Апрельское колдовство

The April Witch

Рэй Брэдбэри (Ray Bradbury)

Into the air, over the valleys, under the stars, above a river, a pond, a road, flew Cecy. Invisible as new spring winds, fresh as the breath of clover rising from twilight fields, she flew. She soared in doves as soft as white ermine, stopped in trees and lived in blossoms, showering away in petals when the breeze blew. She perched in a limegreen frog, cool as mint by a shining pool. She trotted in a brambly dog and barked to hear echoes from the sides of distant barns. She lived in new April grasses, in sweet clear liquids rising from the musky earth.

It's spring, thought Cecy. I'll be in every living thing in the world tonight.

Now she inhabited neat crickets on the tar-pool roads, now prickled in dew on an iron gate. Hers was an adapt-ably quick mind flowing unseen upon Illinois winds on this one evening of her life when she was just seventeen.

"I want to be in love," she said.

She had said it at supper. And her parents had widened their eyes and stiffened back in their chairs. "Patience," had been their advice. "Remember, you're remarkable. Our whole family is odd and remarkable. We can't mix or marry with ordinary folk. We'd lose our magical powers if we did. You wouldn't want to lose your ability to 'travel' by magic, would you? Then be careful. Be careful!"

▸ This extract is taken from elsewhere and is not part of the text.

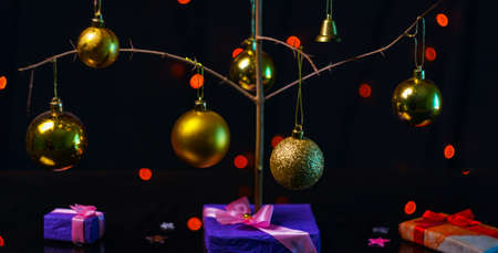 Christmas and New Year background. Festive decorations on the background of a Christmas tree.

But in her high bedroom, Cecy had touched perfume to her throat and stretched out, trembling and apprehensive, on her four-poster, as a moon the colour of milk rose over Illinois country, turning rivers to cream and roads to platinum.

"Yes," she sighed. "I'm one of an odd family. We sleep days and fly nights like black kites on the wind. If we want, we can sleep in moles through the winter, in the warm earth. I can live in anything at all - a pebble, a crocus, or a praying mantis. I can leave my plain, bony body behind and send my mind far out for adventure. Now!"

The wind whipped her away over fields and meadows.

She saw the warm spring lights of cottages and farms glowing with twilight colours.

If I can't be in love, myself, because I'm plain and odd, then I'll be in love through someone else, she thought.

Outside a farmhouse in the spring night a dark-haired girl, no more than nineteen, drew up water from a deep stone well. She was singing.